Today, as a researcher within Aflac Cancer and Blood Disorders Center, a Georgia Research Alliance Distinguished Investigator in Sickle Cell Disease, and an Associate Professor in the Department of Pediatric Hematology/Oncology of Emory University School of Medicine, Dr. Vinchi works alongside clinicians to translate laboratory discoveries into better treatments for children. “I am interested in understanding the mechanisms at the root of disease, and in the idea of using that knowledge to develop new drugs so we can better treat it,” she said.

Understanding How Iron and Heme Affect Children’s Health

Even today, Dr. Vinchi still works toward answering the research question she first asked in that lab during her second year of university. It’s a question that has allowed her to develop her entire career: How does heme contribute to disease severity?

Iron and heme are essential to building hemoglobin, the protein that carries oxygen in red blood cells. But when levels are abnormal—as in sickle cell disease and other blood disorders—they can harm cells and trigger inflammation.

Working closely with clinicians and industry partners, her translational lab evaluates therapies designed to reduce iron- and heme-related damage and improve quality of life for children with blood disorders.

Dr. Vinchi’s research has shown that free heme not only damages cells but also interferes with their function, worsening organ injury. Her team demonstrated that in some patients, hemopexin, a protein that binds free heme, can limit toxic effects and may help treat sickle cell disease. Hemopexin is an investigational therapy that has received orphan drug designation from the U.S. Food and Drug Administration and the European Commission for the treatment of sickle cell disease.
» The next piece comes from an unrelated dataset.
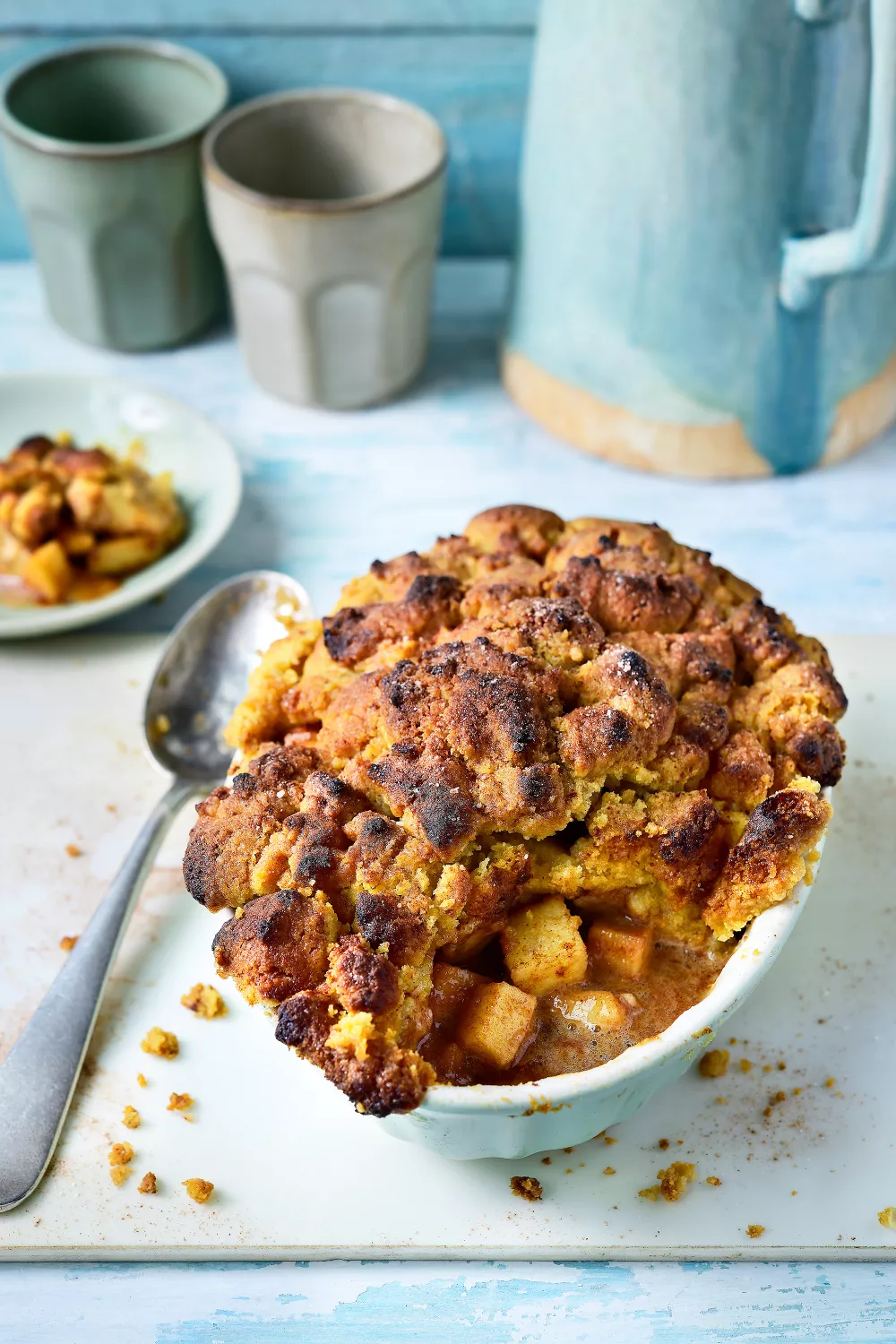 Serveer de apple crumble met nog wat extra chaisuiker of een bol ijs.

She also identified a link between iron overload and the severity of myelodysplastic syndromes (MDS). Her studies found that vamifeport, a drug that lowers iron levels, can improve anemia and reduce symptoms in preclinical models—highlighting its potential for treating conditions such as MDS, beta thalassemia and sickle cell disease. Vamifeport has also received orphan drug designation for the treatment of sickle cell disease.
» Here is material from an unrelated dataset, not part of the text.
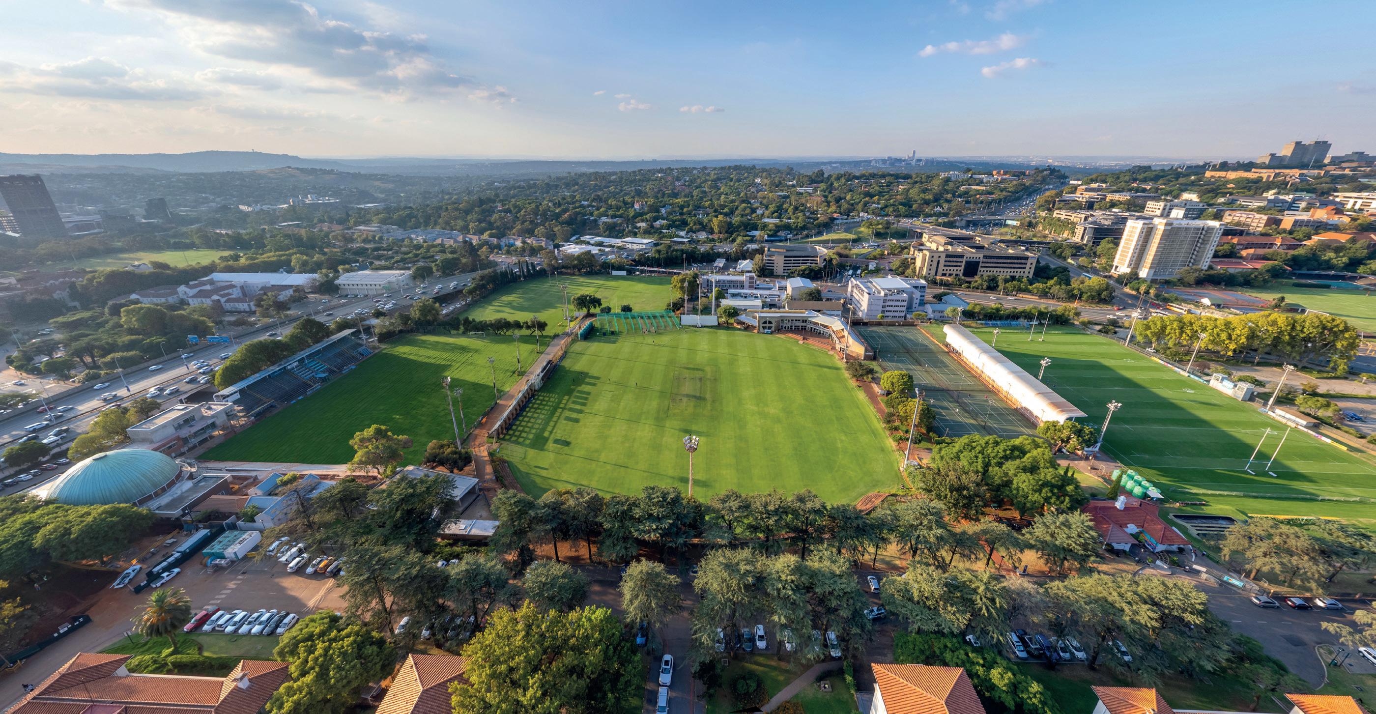 An aerial view of the Wits sports fields and northern suburbs of Johannesburg with its dense canopy of trees. With an estimated 10 million trees, Johannesburg has the largest artificial forest in the southern hemisphere. Click here for virtual tours of Wits’ campuses.

Her lab continues to explore how iron and heme influence sickle cell disease, thalassemia and other blood disorders—and how personalized treatments can reduce complications and improve long-term health for children. “The more we learn about the mechanisms, the more we can improve treatments,” she said. “From there, we can create personalized medicine.”

Advancing Sickle Cell Research in Georgia

For many researchers, Georgia is ground zero when it comes to studying sickle cell disease. The state has one of the nation’s largest populations of people living with sickle cell disease, and the Aflac Cancer and Blood Disorders Center is home to the largest pediatric sickle cell disease program in the country.

In 2021, Gov. Brian Kemp announced a Georgia Research Alliance initiative to advance exploration into sickle cell disease, including new treatments and therapies. Georgia’s Solve Sickle Cell Initiative (SSCI) aims to leverage the state’s considerable strengths in university research and healthcare and break new ground in knowledge, treatment and cures. Children’s, Emory and Morehouse School of Medicine are part of the SSCI and have committed to adding mindpower by recruiting top researchers like Dr. Vinchi, lab infrastructure, and clinical and market translation.

“SSCI is a unique opportunity to focus on sickle cell disease, and Georgia is the place where we see so many people impacted,” she said. “Finding better treatment is important to people in this state. Here, patients and researchers are surrounded by clinicians who are working directly with children who have sickle cell disease. It is easy to see the importance of the work.”

While Dr. Vinchi understands there is still much to learn about sickle cell disease, she is inspired by the leaps she’s seen in the time she has worked as a researcher.

“I’ve had the privilege to grow in the science,” she said. “In my first lab, we started to work on protein that is a scavenger for heme. Now, 23 years later, we are thinking about that protein as a potential treatment. It is inspiring to see how far we’ve come, and exciting to think about the discoveries to be made ahead.”